Before dispatching a batch, estimate relative complexity:
| Signal | Likely complex |
|---|---|
| Multiple content types (help topics, tooltips, explanations, summaries) | Yes - split by content type |
| More than 2 distinct UI screens or flows | Yes - split by screen |
| Both data generation AND display logic | Yes - split generator from renderer |
| Over ~400 lines expected | Yes - find a split point |
When you identify a complex module, you have two options:
-
Split it into smaller files that can be assigned to separate agents within the same batch. Example: instead of one
educational.jshandling help topics, tooltips, test explanations, and end-game summaries, split intoeducational_help.js(help topic content) andeducational_display.js(rendering and tooltip logic). -
Reduce scope for first pass. Ship the simple version in the current batch, expand later. Example: educational content for 2 test types instead of 5, plain text tooltips instead of rich HTML popups.

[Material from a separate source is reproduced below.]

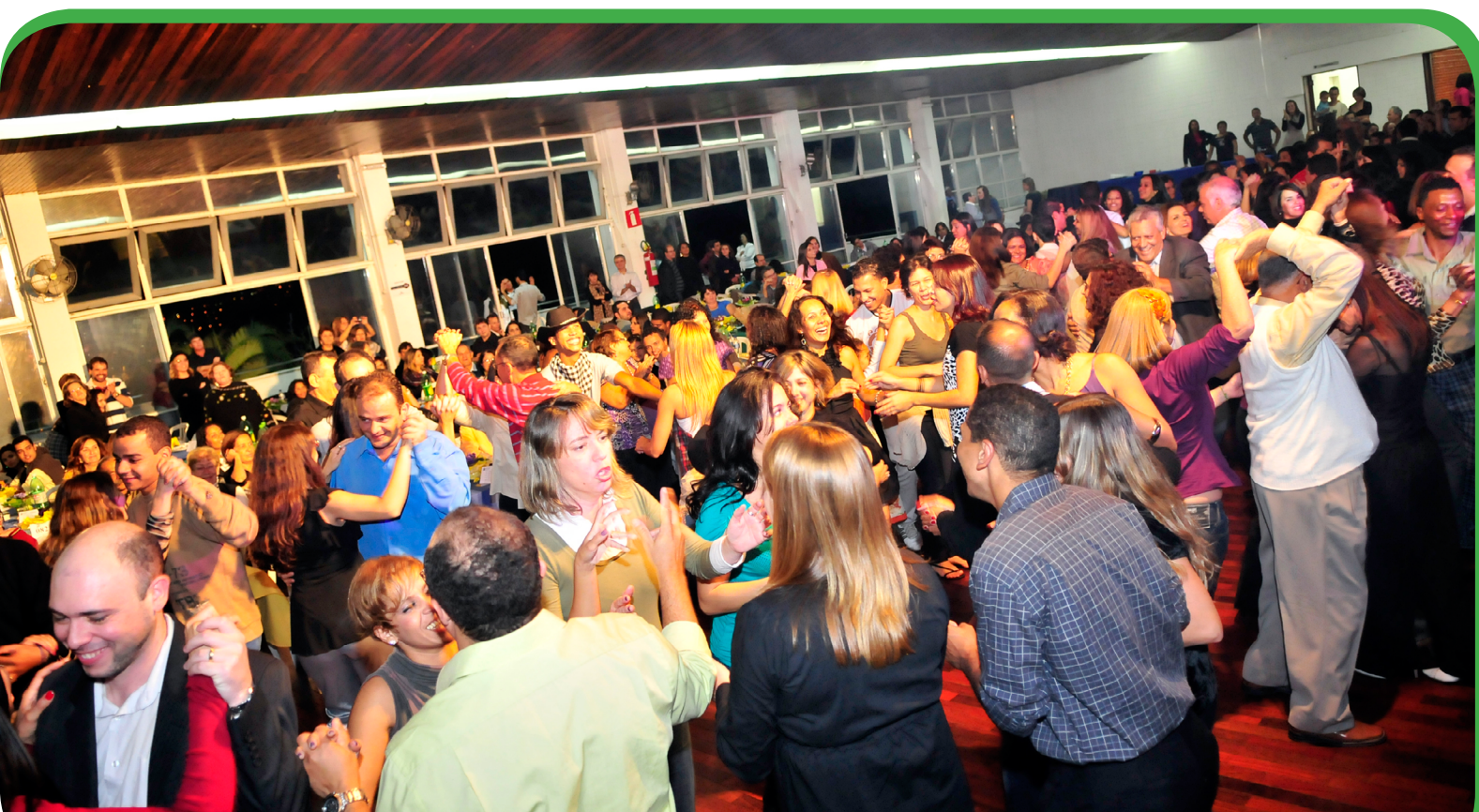
Jantar Dançante 2010

Os ingressos ainda estão à venda e as mesas de quatro lugares poderão ser vendidas na livraria, na recepção e com as pessoas autorizadas, ao preço de R$ 200,00 (duzentos reais), o que inclui o jantar e a sobremesa. Refrigerantes e sucos serão vendidos à parte. Não serão permitidas bebidas alcoólicas. O Grupo aguarda 600 pessoas para o evento.

Prefer option 2 (reduce scope) over option 1 (split files) when possible. Splitting adds coordination overhead. Reducing scope removes work entirely.

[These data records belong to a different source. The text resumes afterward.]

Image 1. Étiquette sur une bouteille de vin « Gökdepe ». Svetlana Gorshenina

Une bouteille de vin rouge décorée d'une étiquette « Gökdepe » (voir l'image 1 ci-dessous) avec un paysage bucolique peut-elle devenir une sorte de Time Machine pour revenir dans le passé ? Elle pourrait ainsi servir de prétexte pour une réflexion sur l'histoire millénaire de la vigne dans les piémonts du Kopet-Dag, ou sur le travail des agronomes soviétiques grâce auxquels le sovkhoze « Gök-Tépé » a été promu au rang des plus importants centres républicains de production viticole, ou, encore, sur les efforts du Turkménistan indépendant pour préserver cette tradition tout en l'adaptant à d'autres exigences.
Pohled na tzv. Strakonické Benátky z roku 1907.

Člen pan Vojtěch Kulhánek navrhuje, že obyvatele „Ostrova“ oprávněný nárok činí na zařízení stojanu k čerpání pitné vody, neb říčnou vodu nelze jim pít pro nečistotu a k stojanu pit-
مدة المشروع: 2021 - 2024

Real example: The DNA forensics build had educational.js (~771 lines) covering help topics for 5 test types, concept tooltips, test result explanations, and end-game forensic science summaries. This was the slowest agent in its batch and held up the entire wave. Better approach: first pass covers help topics for 2 test types only, no tooltips, no end-game summary. Add the rest after the core loop works.
Rationalization Table
| Excuse | Reality |
|---|---|
| "Contracts take too long" | 10 min contracts vs 60 min debugging mismatches. Not negotiable. |
| "We can fix integration later" | Integration bugs compound. 2 mismatched modules = 1 fix. 14 mismatched modules = 20 fixes. |
| "Let's add all features now" | Get 2 working before adding 3 more. Scope creep killed the first build. |
| "Smoke tests slow us down" | 2 min smoke test catches bugs worth 30 min of debugging. |
| "Agents can figure out the interface" | They cannot. Every generator/display pair mismatched without contracts. Every single one. |
| "I'll ask about UI preferences after" | UI rewrite cost 30 min. Asking first costs 2 min. |
| "requestAnimationFrame is optional" | Canvas will be blank. This is not optional. |
| "All agents can run at once" | Foundation agents must finish first. Batching is the whole point. |
| "One agent can handle this big module" | A batch finishes as fast as its slowest agent. Split or scope-reduce complex modules. |
| "We'll test it all together at the end" | Test each module in isolation first. Console-level checks catch bugs before integration. |
Red Flags - STOP
- Dispatching coding agents before contracts are written
- Skipping a smoke test between batches
- Adding features beyond the minimum viable scope in batch 3-4
- Agent prompts that don't include the contracts document
- Two agents assigned to the same file
- No Playwright browser testing planned
- Skipping UI preference gathering
- One agent assigned a module with 4+ content types or 400+ expected lines without splitting or scope-reducing
- No plan for testing modules independently before integration
Common Mistakes
Flat vs nested data: Generators return {enzyme: "EcoRI", fragments: [...]}. Do not nest: {data: {enzyme: "EcoRI", fragments: [...]}}. Flat properties are what display functions will read.
Scope creep in contracts: Only write contracts for features in the minimum viable scope. Do not write contracts for deferred features.
Canvas in innerHTML: Always use requestAnimationFrame after innerHTML that creates a canvas. Always set canvas width and height as element attributes. This is the #1 rendering bug in single-file web apps.